Uzitech

**Name of the Vulnerable Software and Affected Versions** Marked versions prior to 4.0.10 **Description** The issue is related to a denial of service caused by the regular expression `inline.reflinkSearch` potentially leading to catastrophic backtracking against some strings. This can affect anyone who runs untrusted markdown through a vulnerable version of Marked and does not use a worker with a time limit. **Recommendations** For versions prior to 4.0.10, upgrade to version 4.0.10 to resolve the issue. As a temporary workaround, avoid running untrusted markdown through Marked or run Marked on a worker thread and set a reasonable time limit to prevent draining resources.
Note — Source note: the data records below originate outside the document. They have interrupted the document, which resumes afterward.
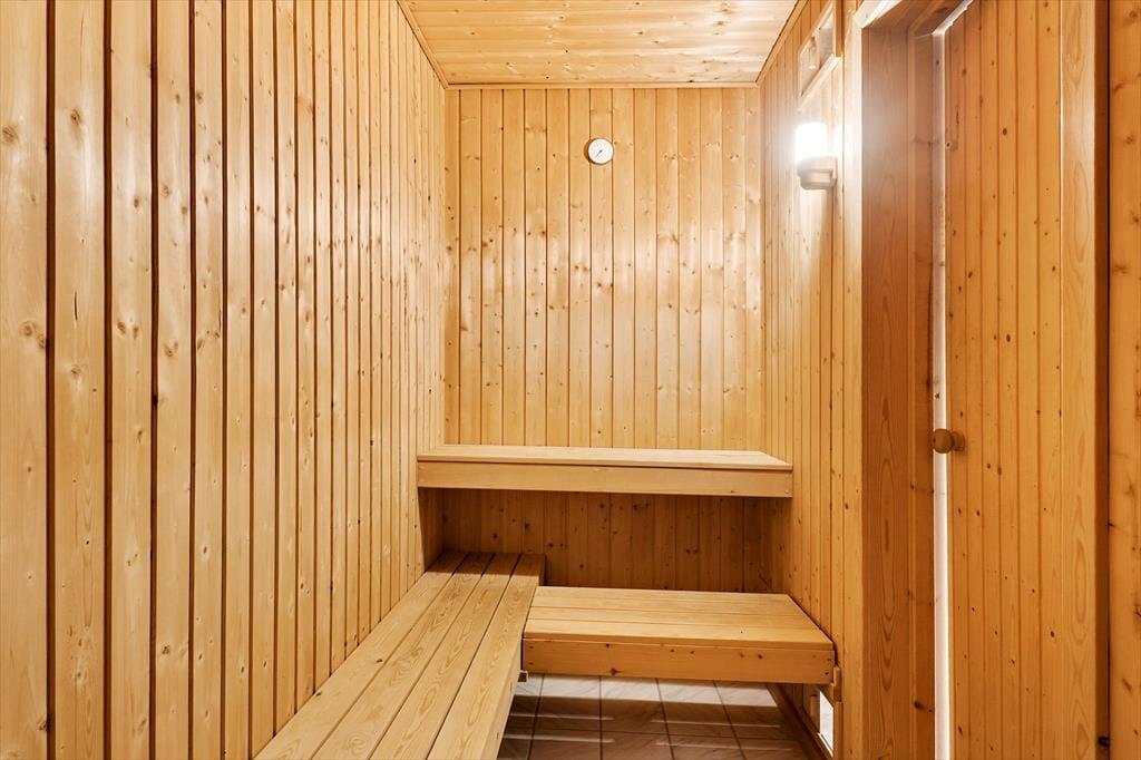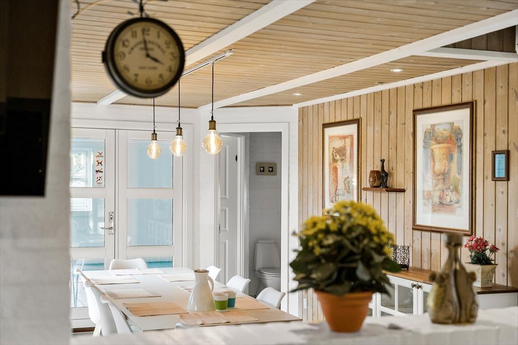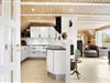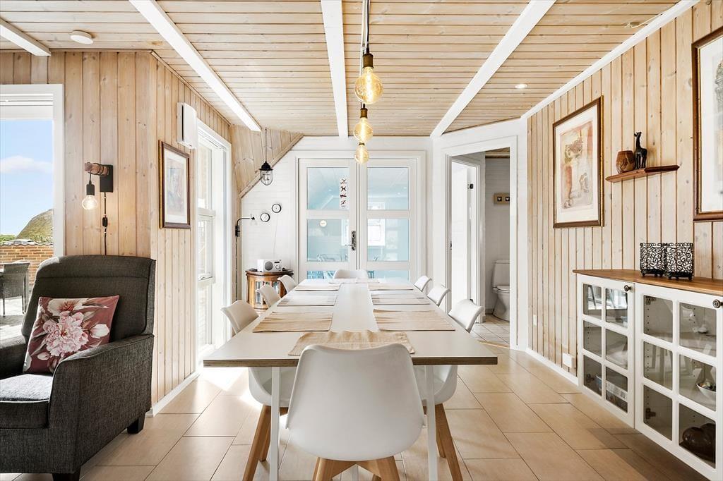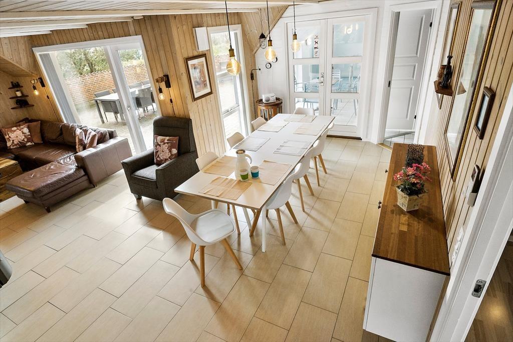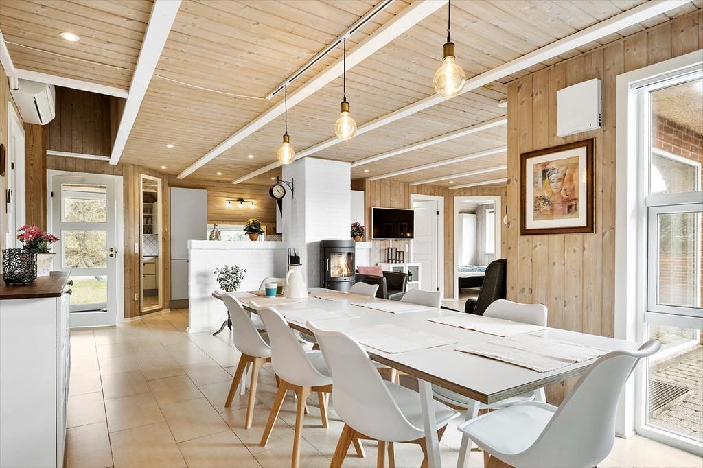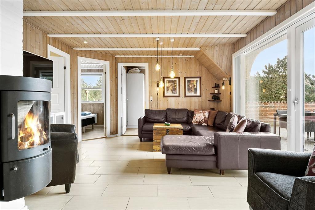 Hvis vi starter med at kigge ind i wellnessafdelingen, er en swimmingpool og et spabad placeret i samme rum, mens en god sauna ligger i forlængelse af badeværelset lige ved siden af. En stor del af ferien kan dermed oplagt blive brugt på at svømme, lege i vandet eller bare koble af i varmen – og hvis børnene kan fortsætte i længere tid end dig og de andre voksne, kan I holde øje med dem fra siddepladsen i poolrummet eller gennem vinduerne ind mod stuen. Netop stuen er et stemningsfuldt opholdsrum med brændeovn og pænt møblement, og det åbne køkken er udstyret med alt det nødvendige, når du vil diske op med et lækkert måltid. Endelig er det værd at fremhæve, at planløsningen med to badeværelser og fire soveværelser gør huset til en oplagt feriebolig for to børnefamilier.
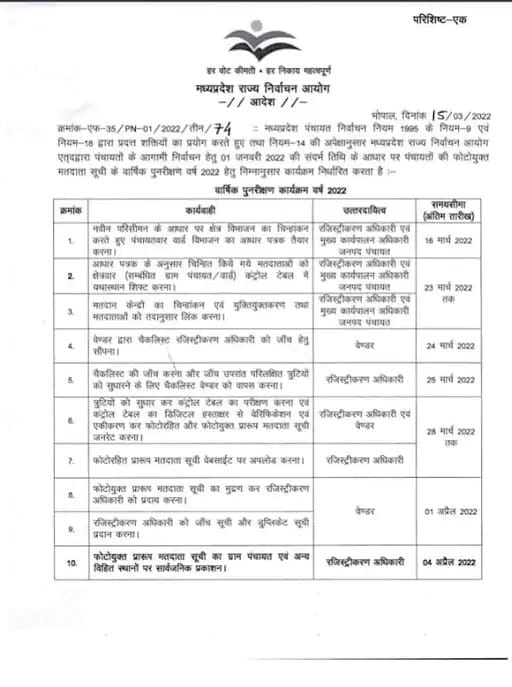 जारी निर्देश के मुताबिक 25 अप्रैल तक पंचायत के चुनाव नहीं होंगे। राज्य निर्वाचन आयोग द्वारा नए परिसीमन (new delimitation) के आधार पर वोटर लिस्ट (voter list) तैयार करने के निर्देश दिए गए हैं। जिसके लिए प्रक्रिया 16 मार्च से शुरू की जाएगी। 16 मार्च तक वोटर लिस्ट अपडेट होने का काम किया जाएगा। इसके बाद 4 अप्रैल से लेकर 16 अप्रैल तक इसके लिए दावे और आपत्तियां आमंत्रित किए गए। जबकि 25 अप्रैल को नए वोटर लिस्ट के फाइनल प्रकाशन किए जाएंगे। ऐसे में अब फाइनल वोटर लिस्ट तैयार होने के बाद ही मध्य प्रदेश में पंचायती चुनाव आयोजित हो सकेंगे।
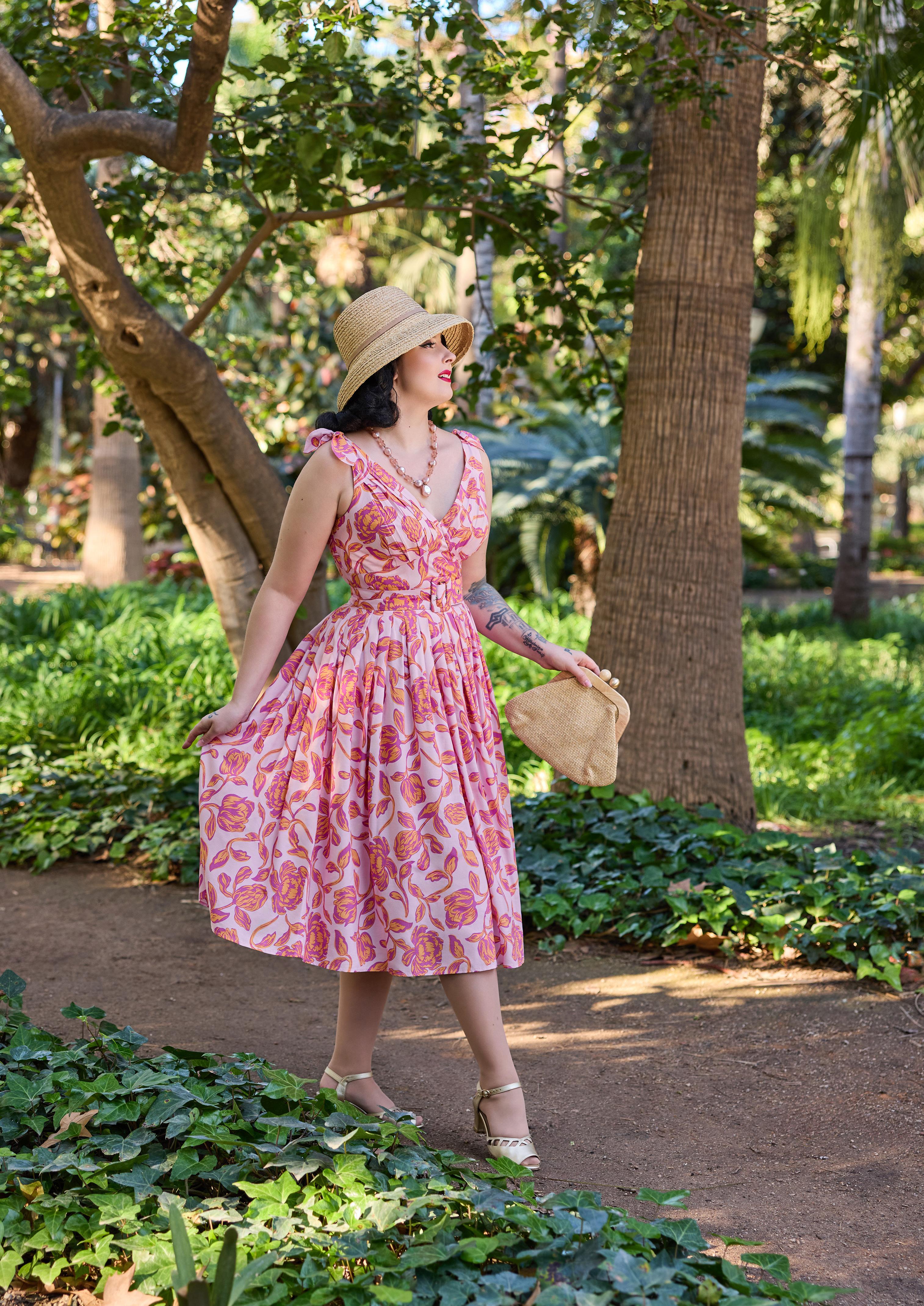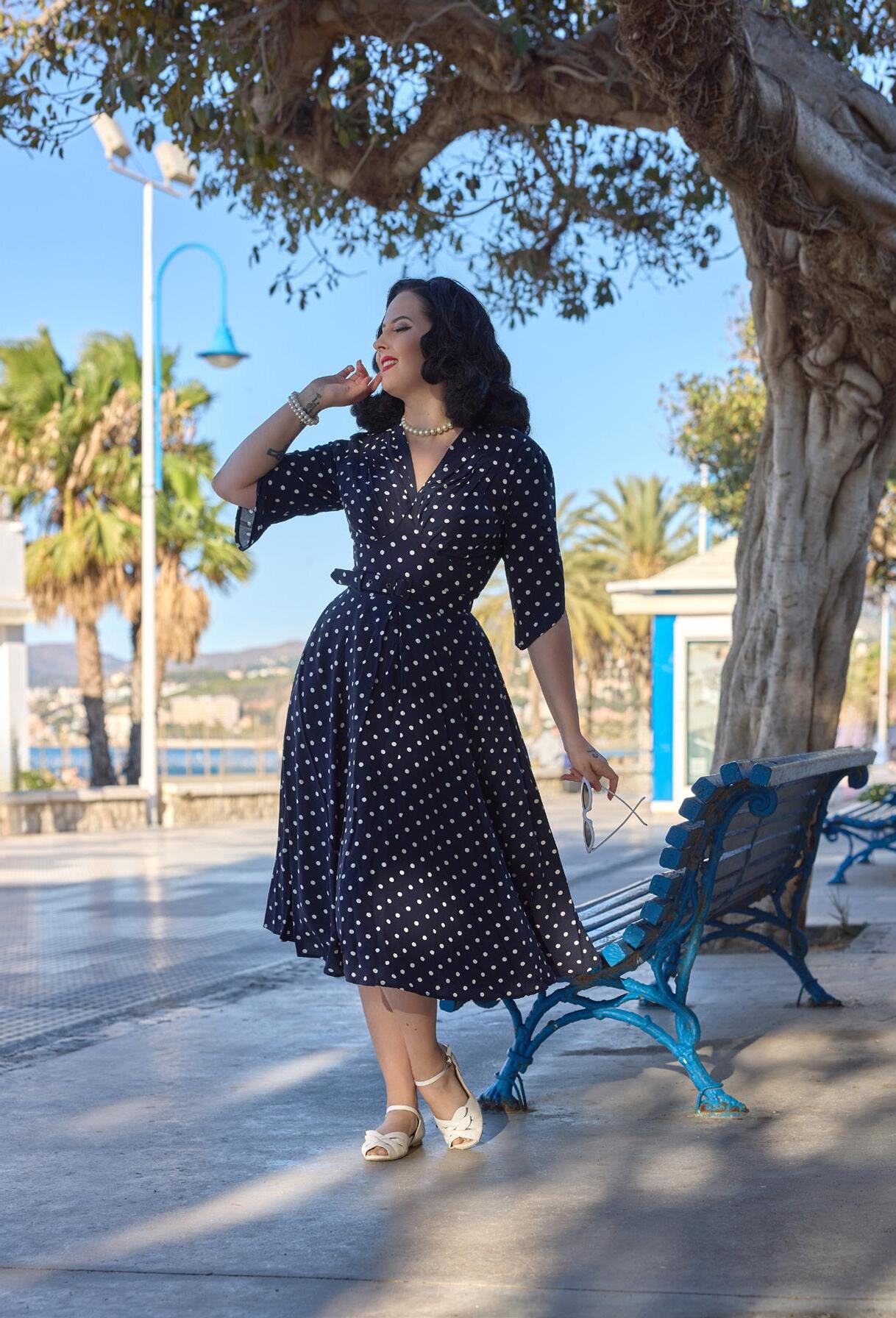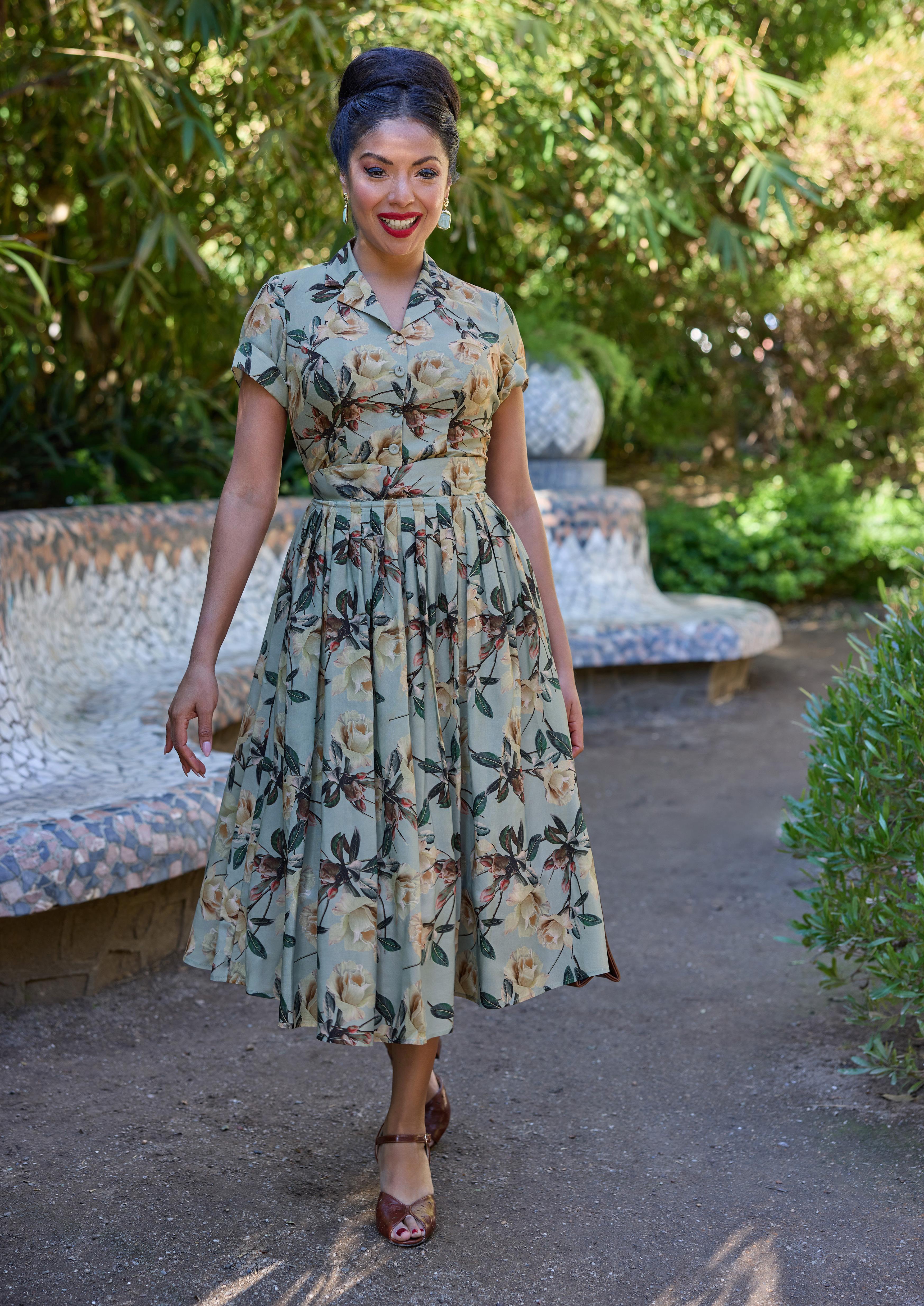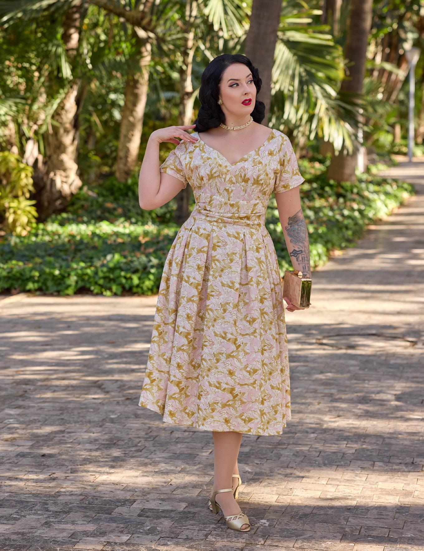 A nostalgic tea dress with a 1940s-inspired pleated bust, capturing vintage charm and the timeless femininity of Miss Candyfloss.

**Name of the Vulnerable Software and Affected Versions** Marked versions prior to 4.0.10 **Description** The issue is related to the regular expression `block.def` which may cause catastrophic backtracking against some strings, leading to a regular expression denial of service (ReDoS). This can affect anyone who runs untrusted markdown through a vulnerable version of marked and does not use a worker with a time limit. **Recommendations** For versions prior to 4.0.10, upgrade to version 4.0.10 to resolve the issue. As a temporary workaround, avoid running untrusted markdown through marked or run marked on a worker thread and set a reasonable time limit to prevent draining resources.